The Museo de la Ciencia y el Juego [Museum of Science and Play] founded in 1984 was one of the pioneers in the country, using interactive, playful and itinerant activities to explore scientific concepts. The network of Small Interactive Museums of Science (Liliput) in Colombia and Ecuador was consolidated during these years. Another initiative promoted by the museum was Maletas viajeras [Scientific Suitcases] that inspired the concept of itinerant museums and allowed many Colombian towns to access science communication activities.

In 1998, and promoted by ACAC, the interactive museum Maloka was founded with funding from a third loan of the IDB. Maloka was the first cultural and educational megaproject focused on science and technology, using much of the economic resources devoted by Colciencias to science communication. Since its creation, Maloka has a cultural program that offers many entertaining activities, hosts activities such as science cafés and works with teachers to explore the pedagogical possibilities of the centre and to collect opinions and suggestions.

With the new century, a new program of Scientific Activities for Youth started. Ondas [Waves] was launched in 2001 thanks to the collaboration between Colciencias and the Foundation for Education and Social Development (FES). It became the longest-lasting science communication initiative for children in Colombia. The program carries out research projects based on the interest and curiosity of the children, designed and developed by the children together with their teachers.

In 2002, the Colombian Association of Science Journalism set its focus on three projects: training of science journalists around the country, research on the work of science and technology communicators, and setting up a S&T news agency (NotiCyT). Even though the agency was not a pioneer in the field, it did have an impact on local media as well as Latin American newspapers (Vélez Lopera, 2013). Despite this, it only lasted five years.

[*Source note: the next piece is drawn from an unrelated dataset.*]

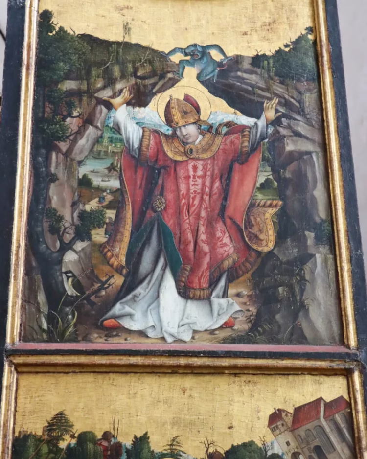 The main altar is dedicated to St Wolfgang, the patron saint of shepherds. The paintings on the inside of the wings are scenes from the life of St Wolfgang. Note top right how the saint keeps two mountains in position despite the attempt of a devil to push the rocks down. The small chapel (in the bottom right) is the St Wolfgang’s Church in Rothenburg.
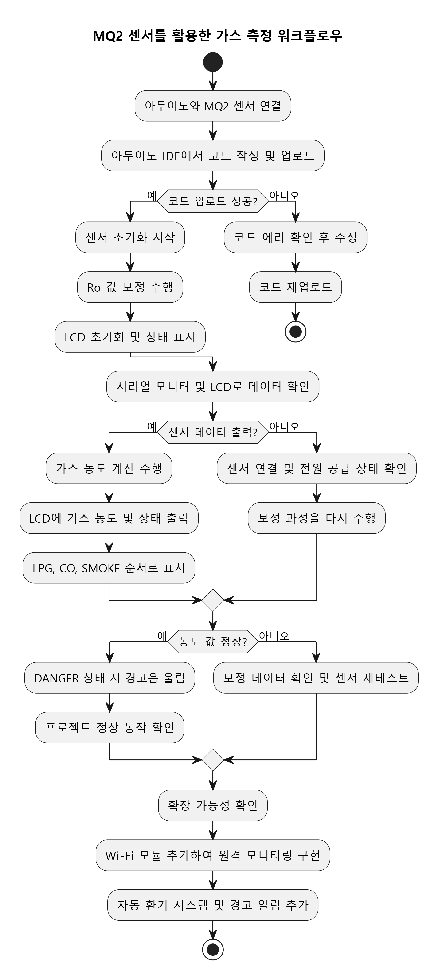 - 시작(Start)에서 아두이노와 MQ2 센서의 연결부터 시작하여 프로젝트를 진행합니다.

Other institutions also initiated efforts to offer training in science communication. In 2002 and then 2004, the ACPC organised a series of seminars in different regions of Colombia (Daza-Caicedo et al., 2006). Some years later, the ACAC together with the Javeriana University offered training courses on the social appropriation of sciences.

During this period one ‘innovative’ activity called regional encounters took place. It was developed by Colciencias with the support of the ACAC. The encounters were events that, for the first time, created spaces for direct dialogue between researchers, industry and journalists all over the country. Their objective was to socialise the results of the activities promoted by Colciencias among several actors of the different regions.

In 2003, theatre came into play. The National Theatre Company’s Theatre of Science attempted to promote science and technology through artistic language. Two plays resulted from this, and were presented in big events in Bogotá, like the Book Fair and Expociencia.

Institutions started recognising the value of dialogue around the course of science communication. In 2004, Maloka organised the first academic forum Conciencia abierta.4 It gathered together communicators, academics and researchers from different Latin American countries to reflect upon the process of appropriation of S&T in the region. The organisation of the forum was supported by Colciencias and the Andrés Bello Agreement.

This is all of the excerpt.